[Exercise directions]
Reproduce exactly the span of lines beginning at the one with "复古彩色的花和云图案插画海报背景" and ending at the last line of the data below, omitting pictures.

[Provided data]
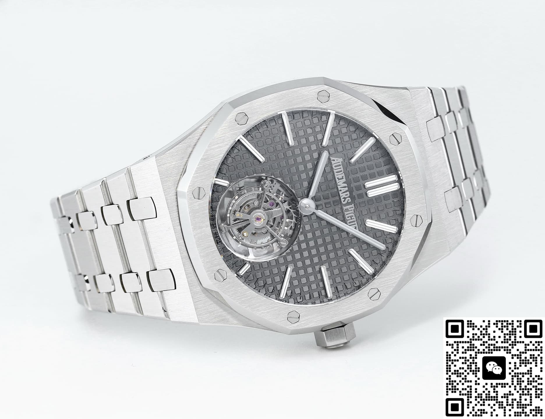 BBS Factory Audemars Piguet Royal Oak Tourbillon 26730ST.OO.1320ST.06 Replica watch For Sale, it is a watch made by replicating the various parts of the genuine watch according to 1:1 mold opening, that is, a replica watch. Its design, materials, and workmanship will strictly imitate the authentic manufacturing. This kind of watch has many advantages such as high simulation degree, fine workmanship and stable performance. Most replica watches can also achieve all the functions of the original watch, which is why many replica watches can be exported overseas. If you are looking to buy a high imitation watch, then this BBS Factory Replica Audemars Piguet Royal Oak Tourbillon 26730ST.OO.1320ST.06 is a very good choice.
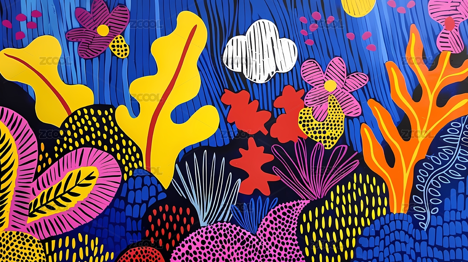 复古彩色的花和云图案插画海报背景
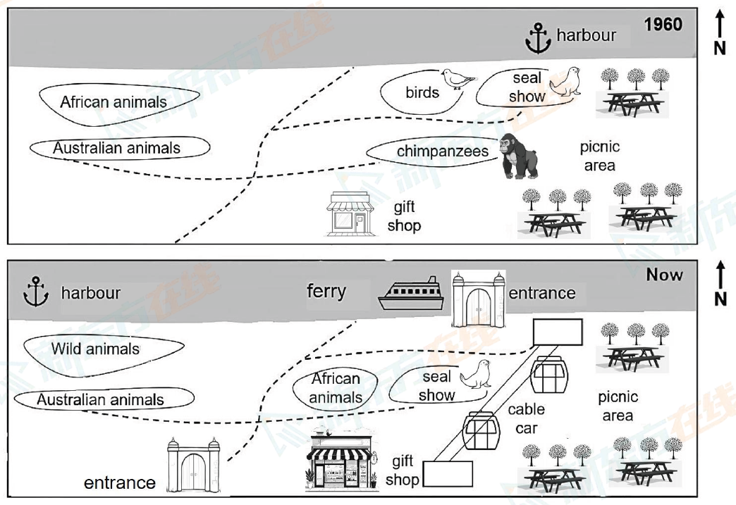 The maps below show changes that have taken place at a zoo in Australia between 1960 and now.
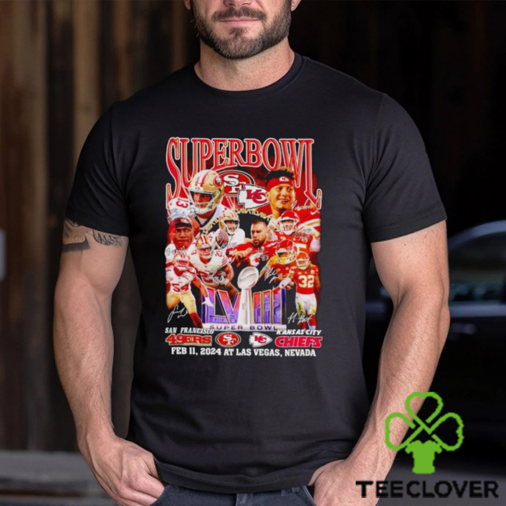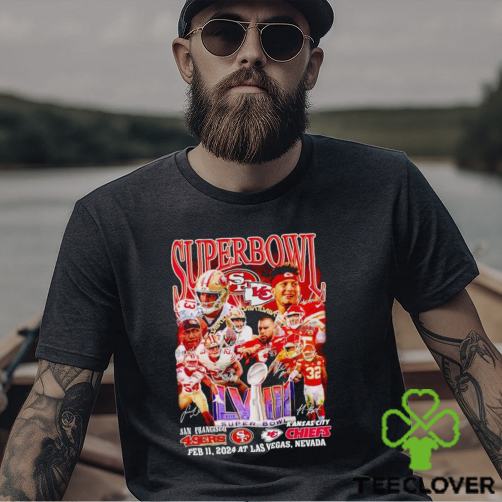 ()Super Bowl LVIII San Francisco 49ers vs Kansas City Chiefs Feb 11 2024 at Las Vegas Nevada signatures shirt hoodie, tank top, sweater and long sleeve t-shirt

[Worked solution]
 复古彩色的花和云图案插画海报背景
 The maps below show changes that have taken place at a zoo in Australia between 1960 and now.
 ()Super Bowl LVIII San Francisco 49ers vs Kansas City Chiefs Feb 11 2024 at Las Vegas Nevada signatures shirt hoodie, tank top, sweater and long sleeve t-shirt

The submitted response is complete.